Krzysztof Nosek
2009-Jul-06 16:45 UTC
How to make big MySQL database more diffable/rsyncable? (aka rsyncing big files)
Hello group, I'm having a very hard time rsyncing efficiently a MySQL database which contains very large binary blobs. (Actually, it's the database of Mantis bug tracker [http://www.mantisbt.org/], with file attachments stored directly in the table rows. I know it's a bad idea from many other reasons, but let's say it was given to me as such.) First, I was dumping the database with mysqldump to an uncompressed dump and rsyncing it. Such a dump would use some 34G of disk space. My rsync took no less than two hours then, regardless of number of actual changes in the database. (Later I realized that my dump was perhaps not enough line-oriented, so I tried some --skip-extended-insert options of mysqldump, with no luck.) Currently I'm using mysqlhotcopy to rsync raw database data. It still takes no less than one hour (which is 50% of the previous results, mostly because the raw data of the database is just 17G. The single biggest file is 16909M). How to do it better? I thought that rsync would be magically able to extract changes from my data. However, it looks like it diffs the 17G file everyday again and again, even it stayed intact. The times/attributes of files do not change across the copies either, as mysqlhotcopy preserves them. Please help! Sorry if my problem is lame, I'm relatively new to the field. Regards, Krzysztof Nosek
malayter@gmail.com
2009-Jul-06 17:26 UTC
How to make big MySQL database more diffable/rsyncable? (aka rsyncing big files)
On Jul 6, 2009 4:41am, Krzysztof Nosek <krzysztof.nosek@techland.pl> wrote:> I'm having a very hard time rsyncing efficiently a MySQL database which > contains very large binary blobs.<snip>> How to do it better? I thought that rsync would be magically able to > extract changes from my data. However, it looks like it diffs the 17G > file everyday again and again, even it stayed intact. The > times/attributes of files do not change across the copies either, as > mysqlhotcopy preserves them.There was a recent thread on this list regarding rsync of MS SQL Server database backups. Most of those suggestions would apply to the mysql case as well. You would want to make sure you are telling rsync to use a block size that is the same as or an integral multiple of the mysql block size. You will also want to minimize unnecessary change in the source database (index rebuilds are a major culprit). -- RPM -------------- next part -------------- HTML attachment scrubbed and removed
Martin Schwenke
2009-Jul-07 21:16 UTC
How to make big MySQL database more diffable/rsyncable? (aka rsyncing big files)

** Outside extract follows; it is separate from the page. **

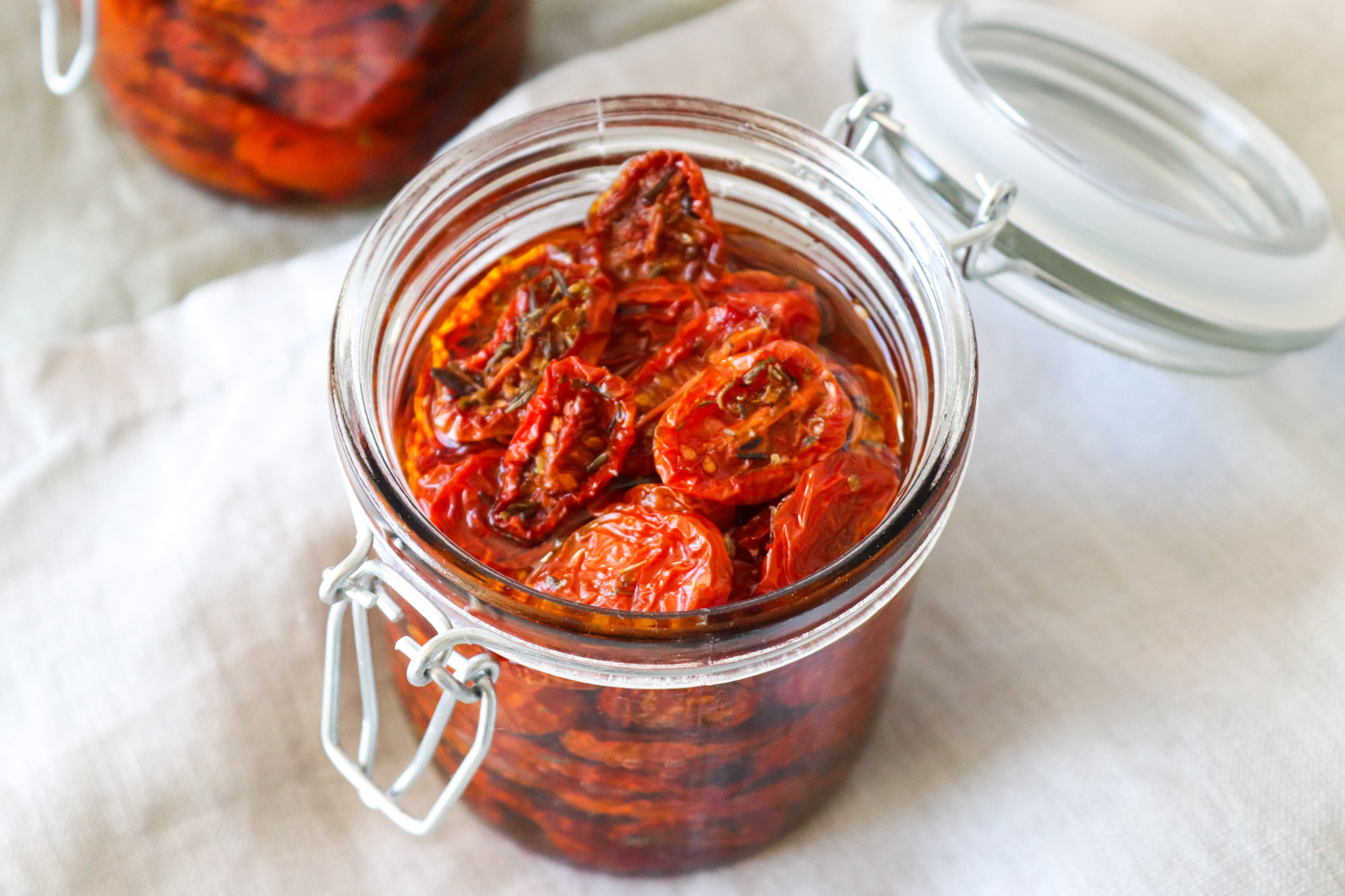 Du kan godt lade være med at dække tomaterne med olie, men det vil formindske holdbarheden og jeg synes at olien gør dem ekstra lækre, fordi olien får smag af tomaterne med tiden og så er lidt af olie sammen med tomaterne lækre rørt med lidt pasta eller til kartofler – Du kan blot huske at drysse lidt ekstra salt på pastaen eller kartoflerne for at fremhæve tomatsmagen.

>>>>> "Krzysztof" == Krzysztof Nosek <krzysztof.nosek@techland.pl> writes:Krzysztof> First, I was dumping the database with mysqldump to an Krzysztof> uncompressed dump and rsyncing it. Such a dump would Krzysztof> use some 34G of disk space. [...] Some simple suggestions in addition to the one about experimenting with block size: * Does the output of mysqldump compress well with gzip? If so, you could try compressing it with a version of gzip that supports the --rsyncable option. The version in Debian or Ubuntu Linux supports this option. * If you're confident that you have a good line-oriented dump, how does diff cope when comparing 2 dumps? rsync and diff obviously use very different schemes for figuring out what is different. However, sometimes doing a diff will show you something obvious that you have missed. Obviously you'll need 68GB of free disk to be able to try that! * If you're not telling rsync to transfer just a single file, do the filenames match at both ends of the transfer? You not doing something like creating a dump with the date in the filename, are you? Sorry, no rocket science there... ;-) peace & happiness, martin
Krzysztof Nosek
2009-Jul-10 12:48 UTC
How to make big MySQL database more diffable/rsyncable? (aka rsyncing big files)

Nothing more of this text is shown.